The EU has reached a provisional agreement to launch a European Single Access Point (ESAP) as part of the Capital Markets Union action plan to provide financial and sustainability-related information about EU companies and investment products in one place. The centralised digital platform will store sustainability-related information reported by European companies under EU regulations, but will not require any additional reporting.
The platform will be developed in three phases. From mid-2027, it will include information disclosed according to the short-selling regulation, prospectus regulation and transparency directive. Phase two in January 2028 will see the ESAP incorporate information related to SFDR, credit rating agencies regulations and benchmark regulation. From January 2030, in its final phase, the ESAP should include information from around 20 additional pieces of legislation, including the capital requirements regulation, the markets in financial instruments regulation and the EU green bonds regulation.
The Monetary Authority of Singapore has announced plans to launch a consultation on the inclusion of managed phase-out of coal-fired power plans in its green taxonomy. The central bank’s chief sustainability officer Gillian Tan was reported saying that the consultation on its draft proposals will be launched in the next few weeks. The move comes in response to the third green taxonomy consultation, which was launched in February. The taxonomy was originally due to be published in the first half of this year.
New Zealand’s Financial Markets Authority (FMA) has announced plans to release four new pieces of guidance covering monitoring, third-party providers, record-keeping and scenario analysis in June and July. In a meeting with industry participants last week, FMA’s manager of climate-related disclosures, Jenika Phipps, outlined the requirements that will fall under the regulator’s new climate-related disclosures regime. As the first climate statements are published in 2024, the FMA will support climate reporting entities but will also take enforcement action where they fail to produce a climate statement or where information is false or misleading. There are criminal and civil penalties for those who do not comply.
The rush of exits from the Net-Zero Insurance Alliance (NZIA) shows no signs of letting up, with Spanish insurer Mapfre, and Japanese insurer MS & AD Holdings leaving the group in recent days. In a statement, MS & AD Holdings said it was withdrawing its support from the UN-backed group, which is part of the Glasgow Financial Alliance for Net Zero (GFANZ), but would continue its journey to achieving net zero by 2050 with its stakeholders. As of today (Tuesday), NZIA’s website listed 17 insurer members.
Elsewhere in the GFANZ universe, Edmond de Rothschild Asset Management has joined the Net Zero Asset Managers initiative.
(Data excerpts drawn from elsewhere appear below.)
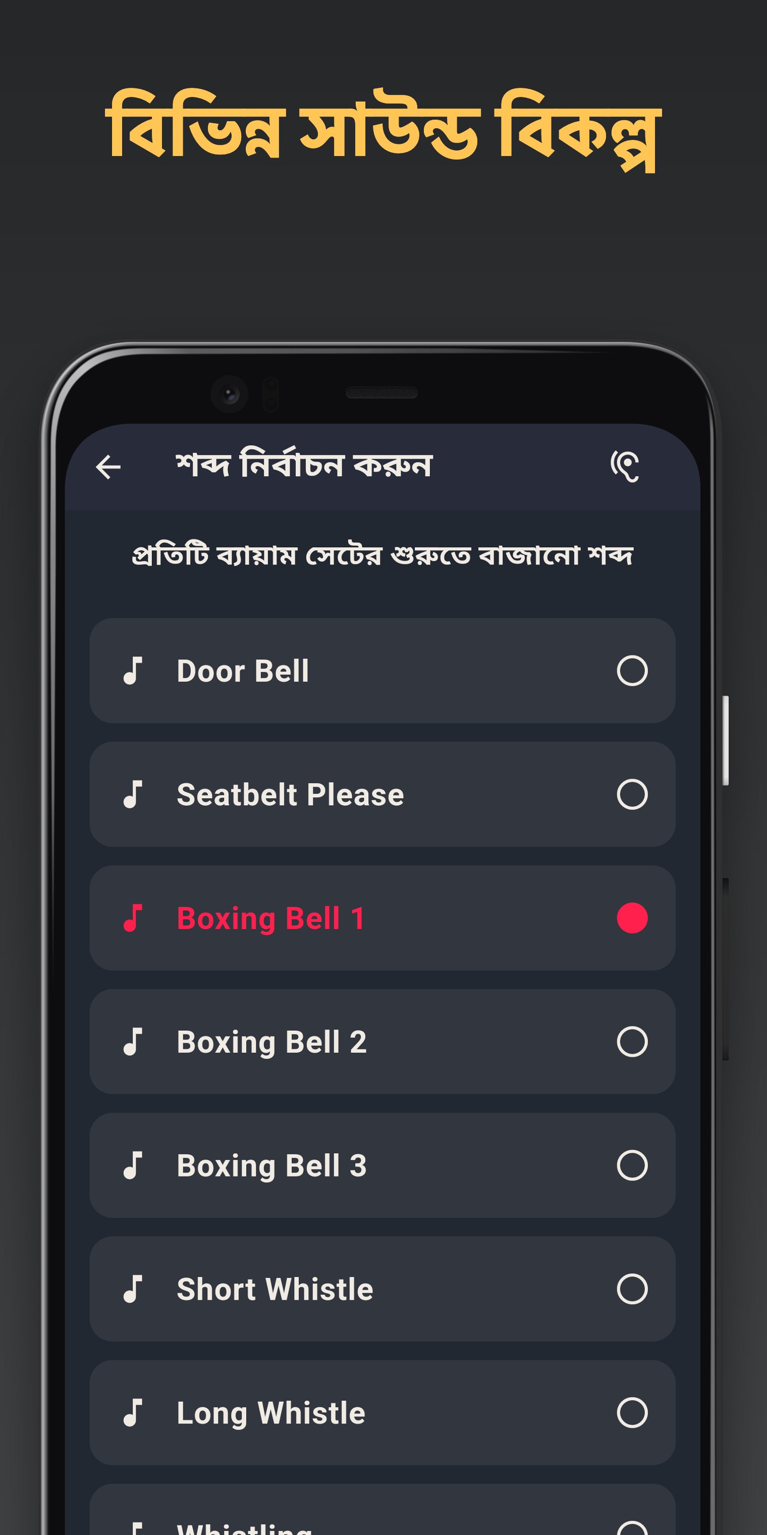 বিভিন্ন এলার্ম সাউন্ড বিকল্প: ওয়ার্কআউট, যোগা এবং ধ্যানের মতো কার্যকলাপের জন্য উপযুক্ত বিভিন্ন এলার্ম সাউন্ড থেকে বেছে নিন।
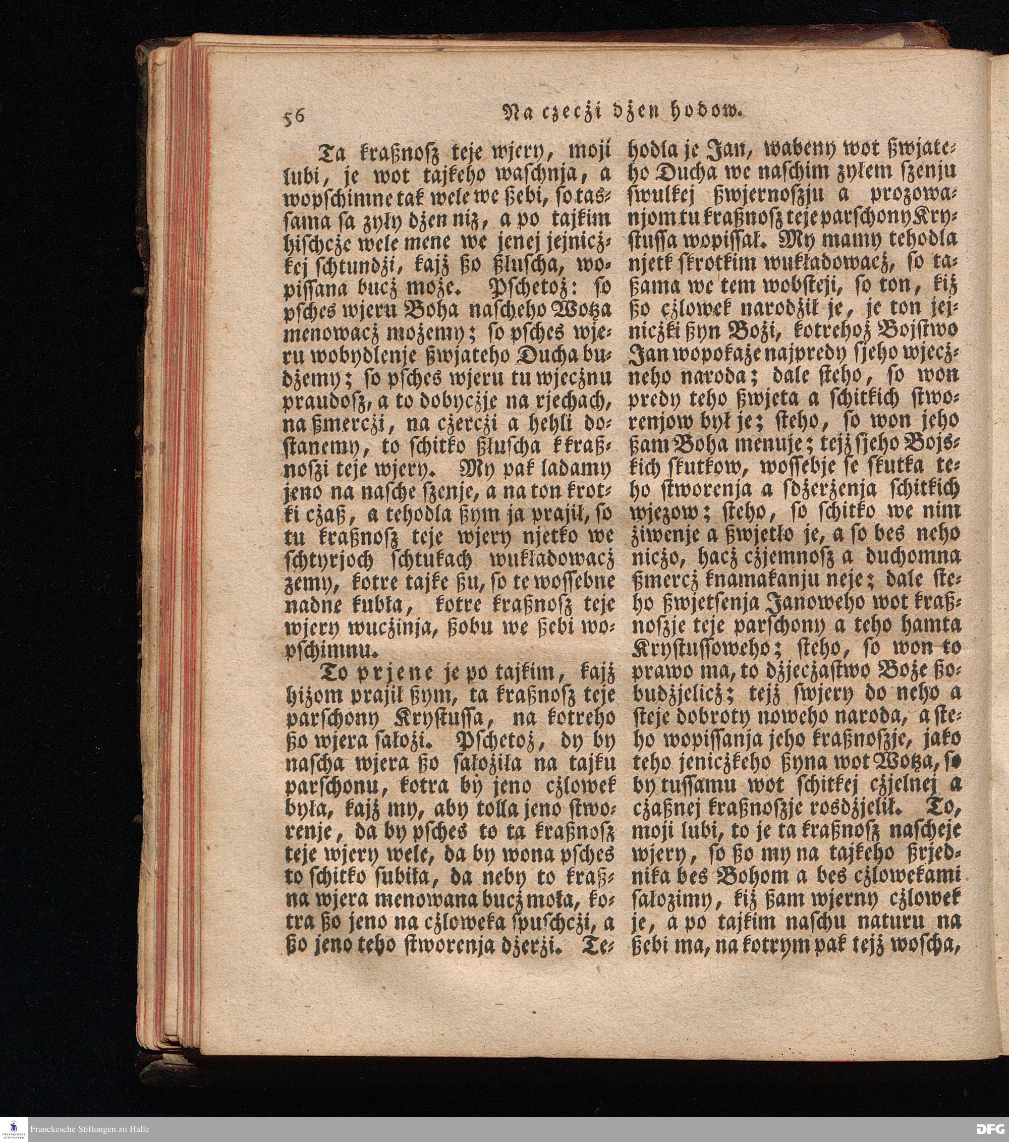 Prjedowanja na nedzelje a ßwjate dny, dzerzane a we njemskej reczi wohndate wot Knesa August Herrmann Franki [!] ßwojim czaßu Duchomneho w Hali na zyrkwi Ulricha, kotrez je do ßerskej reczje pschelozai Ernst Rychtar, Duchomny Roßaczizy, a czischczecz dal Jan Christian Samuel Pilz, Knihowwjasar Lubiju. w lieczi 1826.
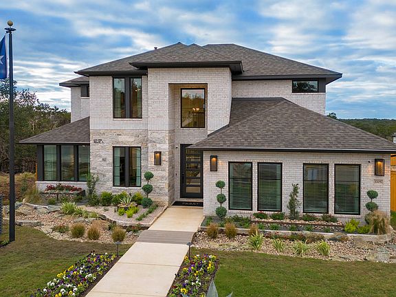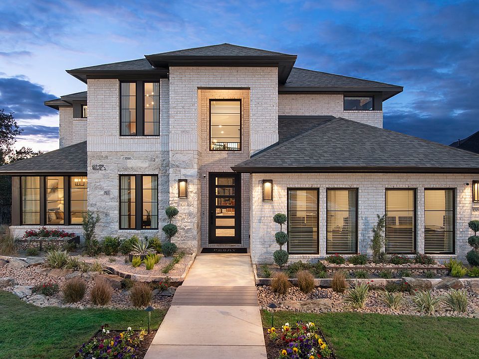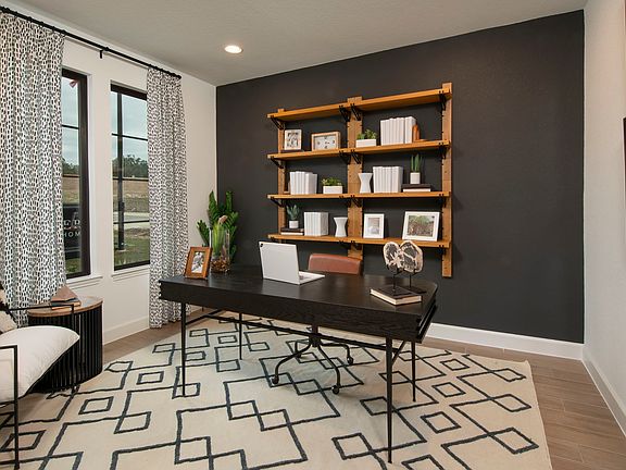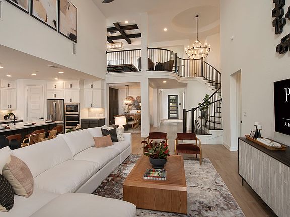 Former Model Home. Home office with French doors set at two-story entry. Formal dining room opens to curved staircase. Kitchen and morning area open to two-story family room. Kitchen features generous island with built-in seating space and 5-burner gas cooktop. Family room features a sliding glass door. Primary bedroom features 12-foot ceiling. Primary bath includes dual vanity, freestanding tub, separate glass-enclosed shower and oversized walk-in closet with access to utility room. A second bedroom is downstairs. A game room, media room and secondary bedrooms are upstairs. Representative Images. Features and specifications may vary by community.

The manager has also recently joined the Institutional Investors Group on Climate Change.
More than 40 environmental organisations across Central and Eastern Europe have called on Vienna Insurance Group (VIG) to introduce an oil and gas policy, as well as a stronger coal policy. The signatories of the open letter come from Austria, Bosnia and Herzegovina, Croatia, Czech Republic, Estonia, Hungary, Kosovo, Lithuania, Moldova, Poland, Romania, Slovakia and Ukraine. They have asked VIG to immediately stop insuring new and expanded coal, oil and gas projects, to cease insuring any new customers from the fossil fuel sector that are not aligned with a 1.5C pathway, to divest all assets from coil, oil and gas companies which are not aligned with 1.5, and to adopt binding targets in line with 1.5C by July 2023.